Last week’s full-year market figures showed amounts staked in cash poker games down by 5.4% year-on-year (based on like-for-like comparatives), while nine poker licensees handed back their licences over the course of 2012.
Among those to leave the market include 888 and TitanPoker, with the latter also surrendering its sports betting licence in the jurisdiction.
Vilotte said: “Especially for poker, the question of the attractiveness of the offer must be monitored. It is a matter of concern.”
He added that: “ARJEL advocates the opening of the offer of legal new variants of poker and pooling cash poker tables to allow French players to play with foreign players if they play on sites regulated by European authorities with which agreements have been previously passed by ARJEL and implementing regulatory standards at least equivalent.”
While such a process would require amendments to existing regulations, ARJEL has been in communication with a number of other European regulators over the sharing of information.
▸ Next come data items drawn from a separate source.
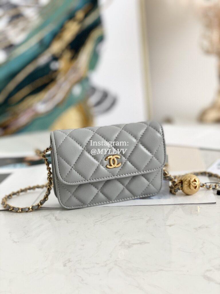 Top Quality Version:MYLLVV » Chanel Diamond Plaid Lambskin Mini Shoulder Bag Grey With Gold 1465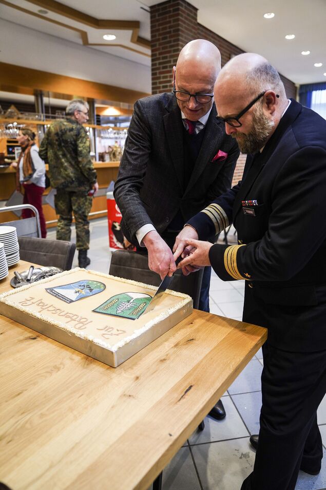 Fregattenkapitän Thomas Szczepanski hob in seiner Rede die enge Verbundenheit mit der Gemeinde Wingst hervor. "Der Stabszug der Stützpunktgruppe pflegt eine langjährige Partnerschaft mit der Reservistenkameradschaft Wingst und Umgebung. Diese Partnerschaft schafft eine fundierte Grundlage für fruchtbaren Austausch mit Zivilgesellschaft und Politik. Dieser Austausch und die daraus erwachsene herzliche Verbundenheit mit der Gemeinde Wingst haben auf beiden Seiten den Wunsch entstehen lassen, dies nun auch formal zum Ausdruck zu bringen.", so der Kommandeur mit Blickrichtung zum Bürgermeister Pawlowski.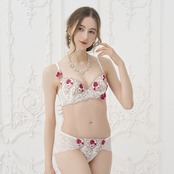 ブルーのカメオのチャームを中心に飾れば骨董品のように美しいランジェリーの出来上がり。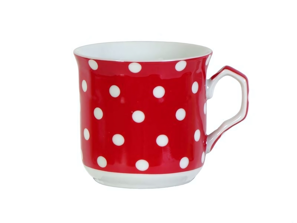 Кружка имеет цилиндрическую форму с небольшим выступом для ручки, что обеспечивает комфортное удержание. Размеры кружки стандартные, что делает её универсальной для любого стиля сервировки. Красный цвет с белыми горошками добавляет игривости и оригинальности, что делает её отличным подарком для друзей и близких.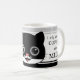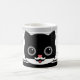 Die Tasse ist eine hübsche, schwarz-weiße Katze mit einem weißen Schnurrbart und einem Cartoon. Purfect für einen Katzenliebhaber, der Kaffee mit Milch trinkt.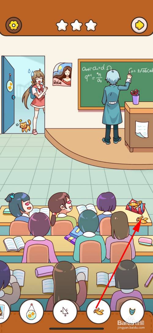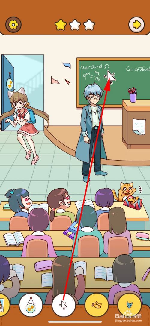 点击黑板上的三角形,即可获得第六件物品。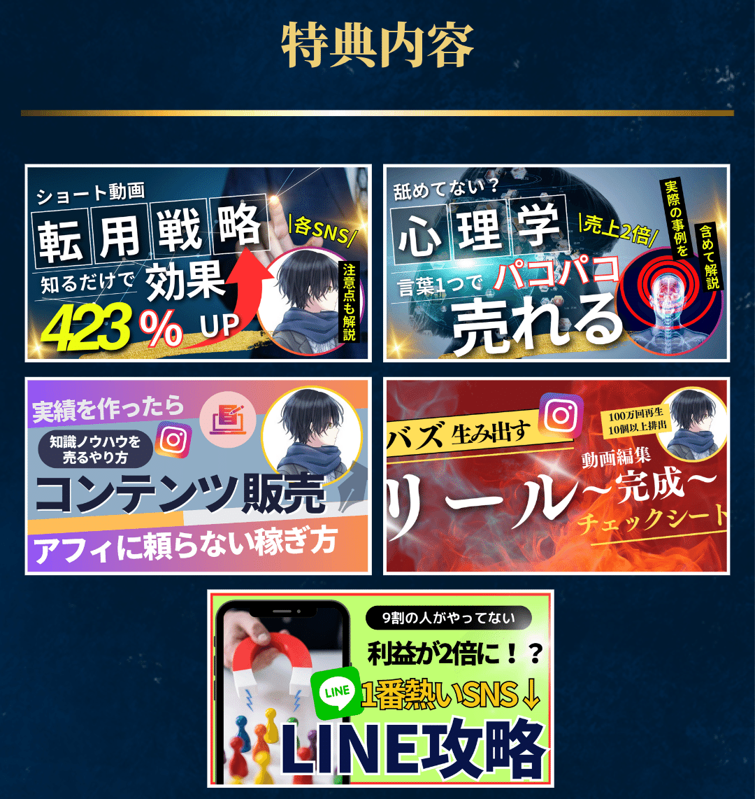 また、星5レビューしていただいた方には、限定で追加5大特典をご用意しております!↓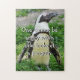 11” x 14” jigsaw puzzle with an image of an African penguin. Optional text reads, “One cannot be angry when one looks at a penguin.”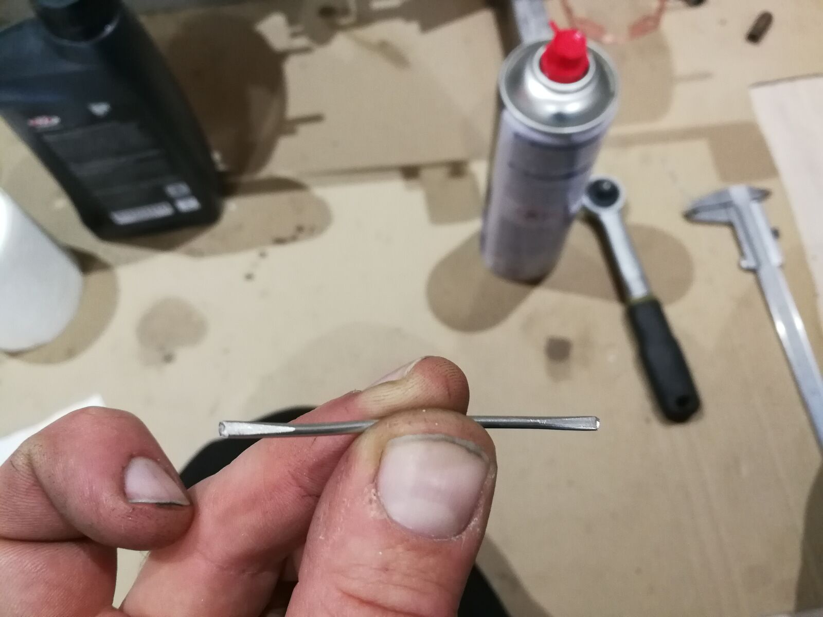 Ich hatte ja ein Revisionskit bestellt, da waren zwar Nadeln dabei, aber die geraden. Also hab ich mir da eine von genommen und sie am Bandschleifer am Rand jeweils ganz leicht angefast. Ich denke mal, eine modifizierte Nadel wird bei 20 Richtigen nicht ins Gewicht fallen.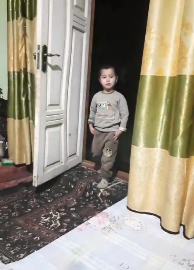 A young boy enters the room from an open door, walking from a dark outdoor space into a lit room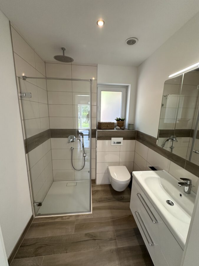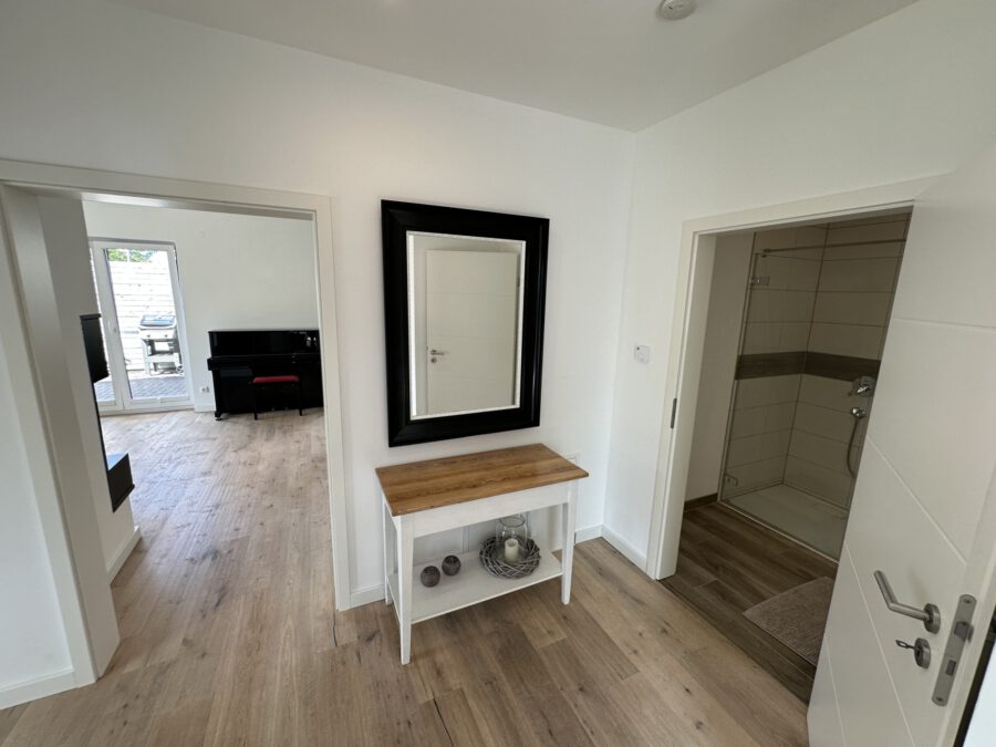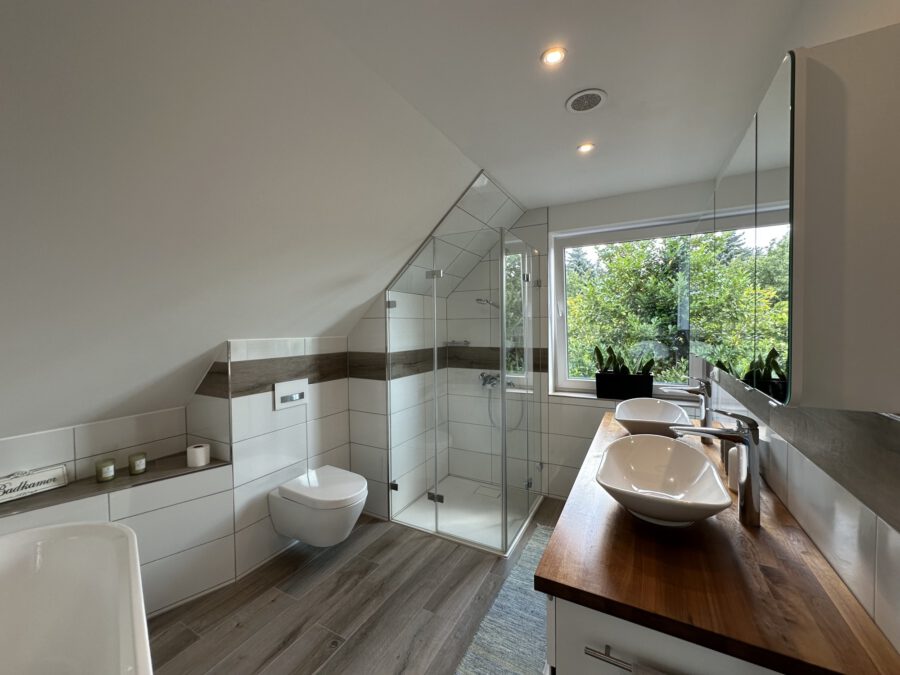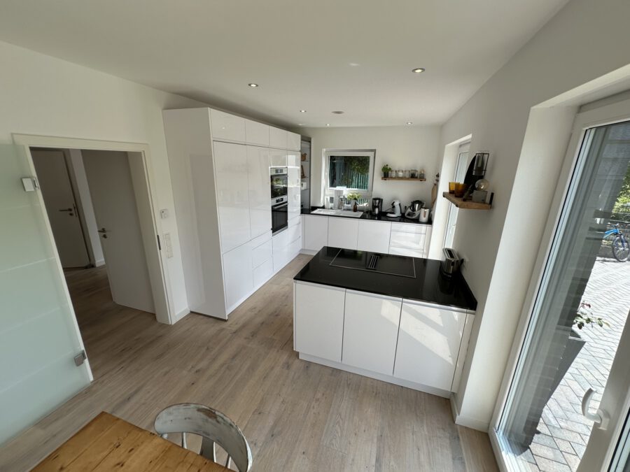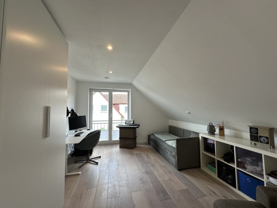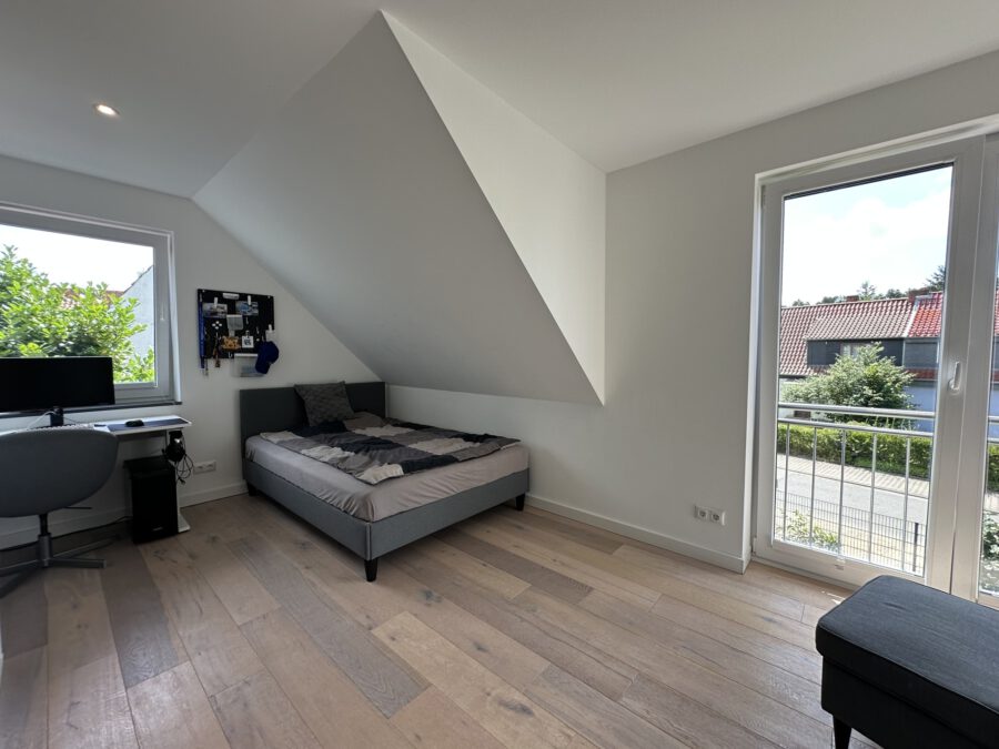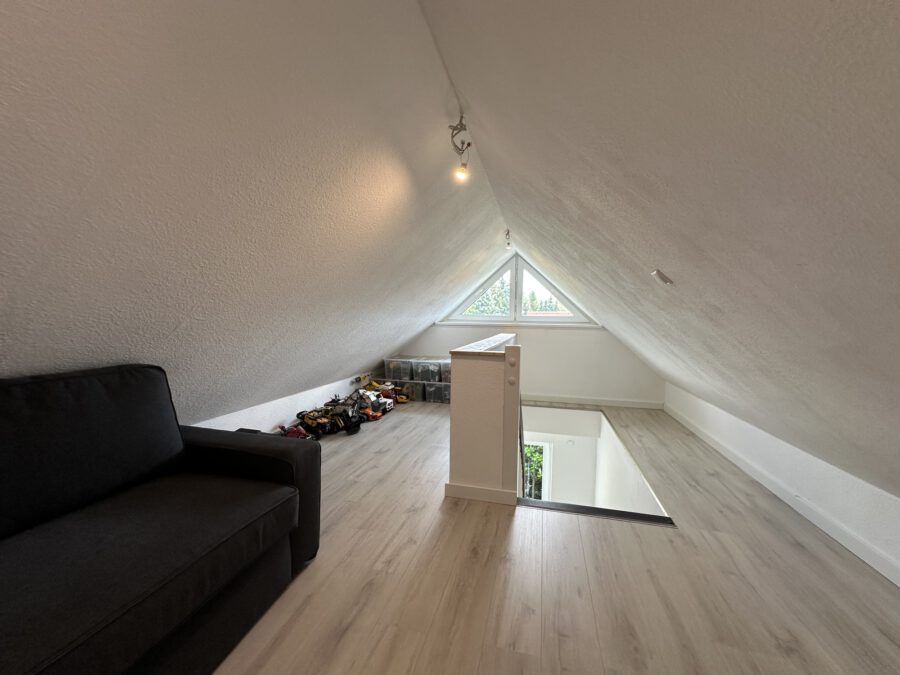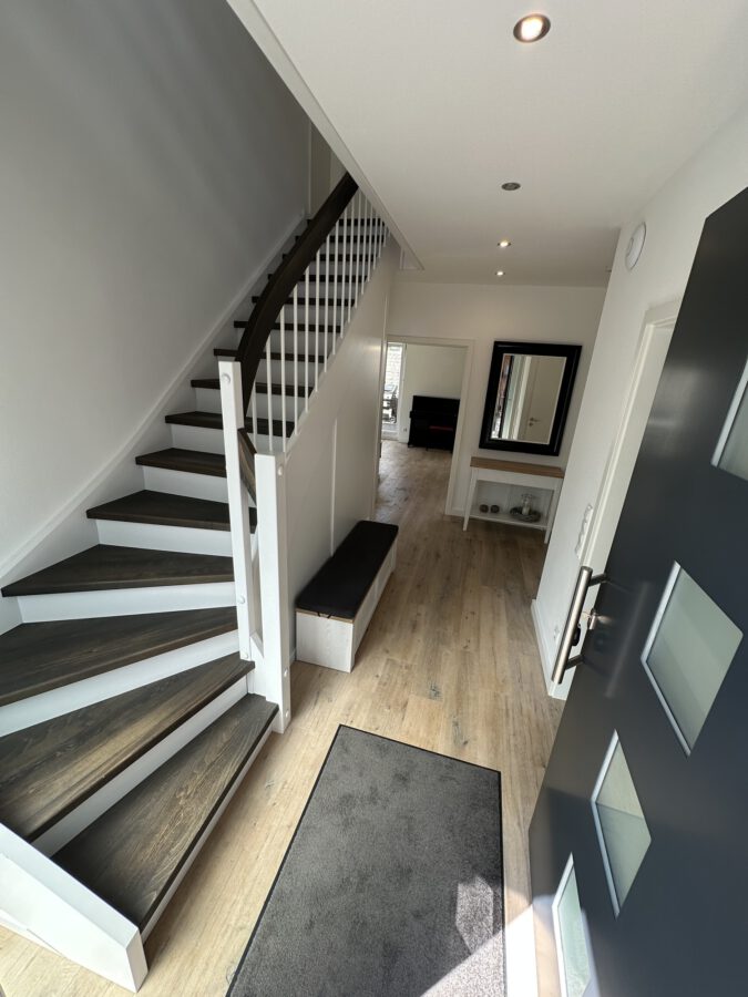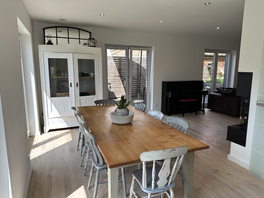 Das Haus erstreckt sich über ein Ober- und Untergeschoss mit drei großzügigen Schlafzimmern, zwei modernen Bädern, einem offenen Wohn- und Essbereich sowie einer hochwertigen Einbauküche. Zusätzlich bietet das ausgebaute Dachgeschoss einen Abstellraum, der weiteren Stauraum schafft.

Last month the French regulator, along with corresponding bodies in Italy, Spain and Portugal, set up an informal association designed to share market data as well as coming together to discuss regulatory standards and address issues around match-fixing in sport.
The four parties pledged at the time to look at the potential of pooled liquidity, and this is among the topics which will potentially be revisited at the association’s first meeting in Lisbon in the first half of this year. Vilotte also confirmed that German regulatory authorities had been invited to communicate with the quartet.
Since the publication of the French market figures, eGaming Review has also learned that a number of Spanish poker operators are preparing to return their licences after just six months, having become concerned by the lack of liquidity on dot.es networks.
Elsewhere in his statement, Vilotte addressed last year’s EC action plan on online gambling, which pointed the way towards a clampdown on regimes not compliant with EU law, and said: “Pending convergence at EU level to a high level of regulation, national regulations have their place and should be usefully complemented by bilateral agreements, binding on States having compatible goals in protecting their home markets.”